Along with other tourists, we trudged up the mountain, cameras in hand.
Three
scrubby trees were at the very top. There Priscilla sat on some twisted
tall grass spikes as I focused her in direct center of the photo. I
imagined that that is where the crosses would have been punched in
God's otherwise good earth.
It was a hot day.
It was time to leave the Place of the Skull--Golgotha.
In the valley was the Garden Tomb.
We meandered toward it, in no hurry, sensing a reverential cast to all
of nature. Greenery was everywhere. Bundles of flowering buds peered up
to greet us. Sunshine filled all the gaps.
Slowly I made my way to Joseph of
Arimathea's empty gravesite. It was carved out of the hillside.

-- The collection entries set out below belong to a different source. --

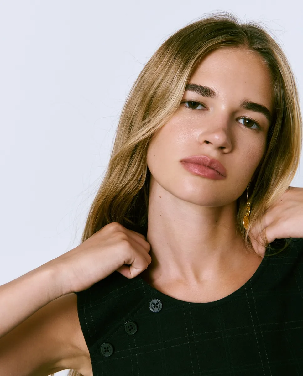 Клетчатый жилет с деталями в виде пуговиц.
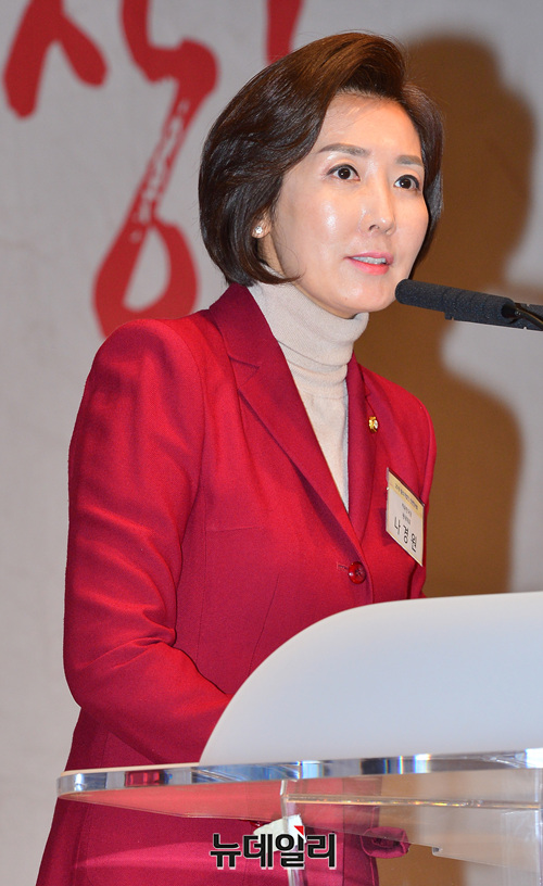 나경원 자유한국당 원내대표가 9일 오전 서울 영등포구 중소기업중앙회에서 열린 중소기업인 신년인사회에서 축사를 하고 있다.
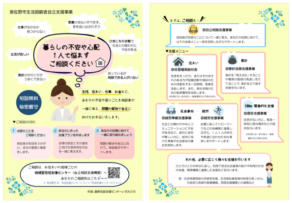基幹包括支援センターいずみさの・包括支援センターしんいけでは、「生活困窮者自立支援法」に基づき、生活に困窮されている方への各種支援事業を行っています。
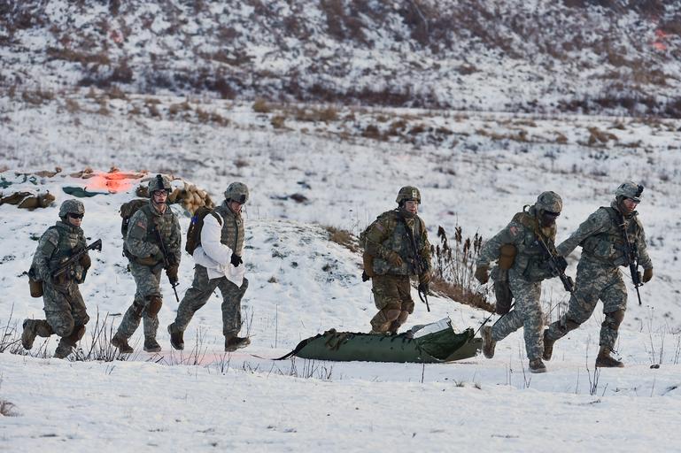 | Keywords: paratroopers; training; alaska; jber; joint base elmendorf-richa paratrooperstrainingalaskajberjointbaseelmendorfricha joint base elmendorf-richardson jointbaseelmendorfrichardson alaska usa paratroopers; training; alaska; jber; joint base elmendorf-richardson; live fire; u.s. army alaska; norcom; northern command; airborne paratrooperstrainingalaskajberjointbaseelmendorfrichardsonlivefireusarmyalaskanorcomnortherncommandairborne outdoor bird animal Paratroopers assigned to Baker Company, 3rd Battalion, 509th Parachute Infantry Regiment, 4th Infantry Brigade Combat Team (Airborne), 25th Infantry Division, U.S. Army Alaska, evacuate a simulated casualty during live-fire and movement-to-contact operations on the Infantry Squad Battle Course at Joint Base Elmendorf-Richardson, Alaska, Nov. 8, 2016. The soldiers focused on core infantry skills such as fire team movement, communication, shifting fire, and once on the objective identifying and eliminating weapons caches and treating and evacuating casualties. (U.S. Air Force photo/Justin Connaher) Paratroopers assigned to Baker Company, 3rd Battalion, 509th Parachute Infantry Regiment, 4th Infantry Brigade Combat Team (Airborne), 25th Infantry Division, U.S. Army Alaska, evacuate a simulated casualty during live-fire and movement-to-contact operations on the Infantry Squad Battle Course at Joint Base Elmendorf-Richardson, Alaska, Nov. 8, 2016. The soldiers focused on core infantry skills such as fire team movement, communication, shifting fire, and once on the objective identifying and eliminating weapons caches and treating and evacuating casualties. (U.S. Air Force photo/Justin Connaher) |

A
trough had been dug in front of its beautifully crude stone door.
Inside that trough the weighty rock slab would have been rolled to seal
shut the entrance. No entrance. No exit. Tight. Any corpse inside was
there for good, or whatever.
Robbers would have stolen from the tombs if the stone had not been secured.
I
walked inside. There was no rock slab now to prohibit. The morning air
welcomed my back to keep me moving till inside that resting place. My
eyes adjusted to see the remains of shelves where bodies would have
been positioned.
There I pictured His young frame wrapped
in clothes, spices tucked in about the sorry piece. A separate cloth
would have been wound about his head.
I suppose there were others making the same interior pilgrimage as I. But I don't recall any shadows but
my own.
Timeless. It seemed as if I had left time and had no desire to return.
But
time called out its practicality. With that, I was in the sun again,
milling about the many as we hunkered down on rocks and patches of
grass to receive the sacrament.
There was no reason to
chat. No one wanted to chat. There was too much going on inside--not so
much noise but voices from another time and friends from another
culture than ours.
There was simply no way around it. One
could not get to the dawn of the first day without going through the
trudge up Skull's Mount, then making it into the valley where an empty
borrowed tomb stood awaiting the gaping and the saved.
Sometimes in spring when I walk about the Lakes Region, I get that same feeling from the sun, especially when near a garden.